«Zeyna a une soixantaine d’années. Elle ne veut pas qu’on la reconnaisse, mais elle a accepté que je photographie ses mains, raconte le photographe Seif Kousmate. Son histoire est tristement banale : un mari parti chercher du travail en Europe dans les années 1970 et qui n’est jamais revenu. Femme au foyer cultivant sa parcelle de terre, elle a élevé seule ses deux filles, qui se sont installées en ville. Aujourd’hui, elle survit de la solidarité du voisinage et de l’argent que lui envoient ses filles, dans une petite maison disposant de l’eau potable et de l’électricité.»
Victimes du changement climatique, les oasis du Maroc se vident de leur eau et de leurs habitants. En altérant ses photos avec des éléments naturels, comme la terre, le feu ou des feuilles de dattiers, Seif Kousmate, colauréat du Prix 6Mois 2021, rend hommage à un écosystème ancestral qui se meurt. Originaire d’Essaouira, il se rend régulièrement dans l’exploitation de son grand-père qui était agriculteur. «En réalisant ce sujet, j’ai senti que la photo classique arrivait à ses limites. D’où l’idée d’ajouter une couche supplémentaire, pour mieux raconter l’histoire. J’ai fait plusieurs essais, je voulais que l’image elle-même incarne la dégradation de l’environnement dans les oasis. Ici, je l’ai traitée avec de l’acide, qui donne cet effet bleu marbré.»

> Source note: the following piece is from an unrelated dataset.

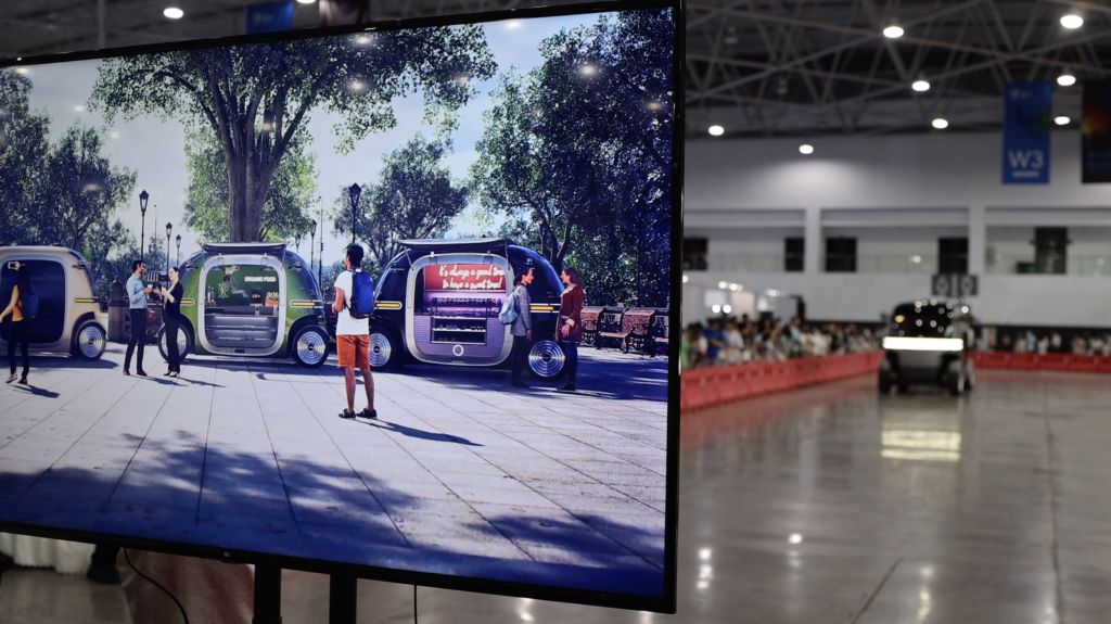 观众大排长龙想化妆?实际是体验利用AI设计算法和大型金属3D打印技术设计与制造的无人驾驶移动美妆车。

En commençant à se documenter, puis à se rendre sur place à partir de 2019, Seif Kousmate constate que deux menaces majeures sont à l’origine de la désertification des oasis. La première est le manque d’eau dû au réchauffement climatique. Indice indiscutable de ce phénomène, la baisse continue des nappes phréatiques qui alimentent ces havres de verdure. La seconde menace est directement liée à l’activité humaine.
Au cours de ses reportages dans les oasis, il collecte des feuilles de palmiers et de dattiers, de la terre… «De retour dans mon atelier, j’ai expérimenté en organisant un dialogue entre ces éléments organiques et mes tirages. J’ai voulu créer une sorte d’aller-retour entre la réalité – parfois magnifique – de ces lieux et le contexte social, beaucoup plus sombre.» Les habitants sont très pessimistes sur leur avenir. Surtout l’ancienne génération qui a vécu l’âge d’or de l’oasis, avant la dégradation des années 1990.

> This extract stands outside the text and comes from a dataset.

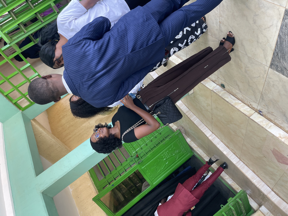 The image depicts an interior or semi-exterior walkway within a building in Kufena, Nigeria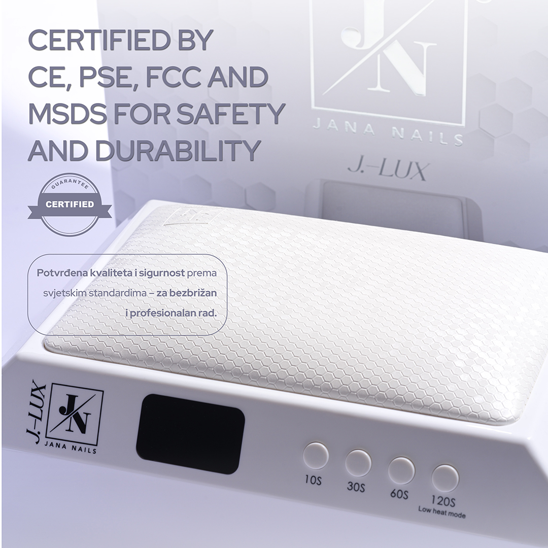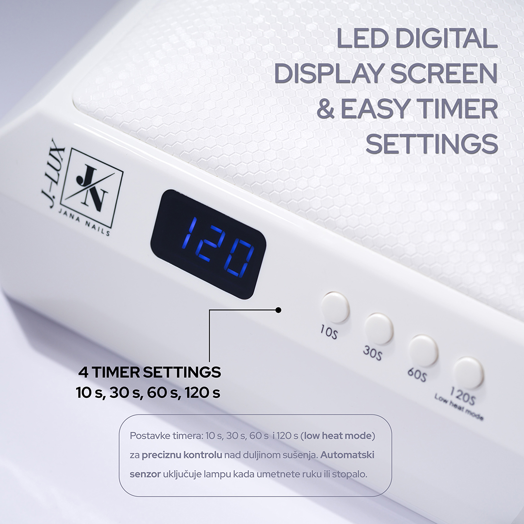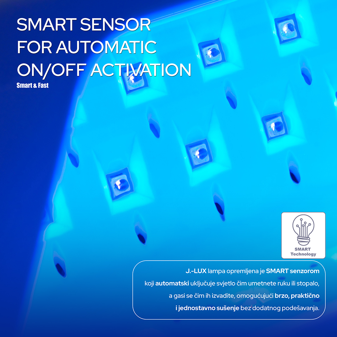 J.-LUX spaja snagu, ergonomiju i inteligentnu tehnologiju. Svaka dioda strateški je postavljena kako bi osigurala potpuno ravnomjerno sušenje bez tzv. mrtvih kutova, što jamči savršen rezultat u rekordnom vremenu.

Par cette démarche, le photographe veut révéler une menace méconnue, qui frappe bien au-delà du désert marocain. En Algérie et en Tunisie, les oasis sont touchées par la même mise en danger de l’écosystème local. En intervenant sur l’image elle-même, Seif entend aussi réaffirmer son rôle de révélateur social. Faire du journalisme, c’est aussi reprendre la main sur l’histoire. Ne pas céder à une fatalité qui imposerait aux hommes un destin dont ils ne veulent pas. Incarner cette rébellion, lui donner vie, la rendre visible.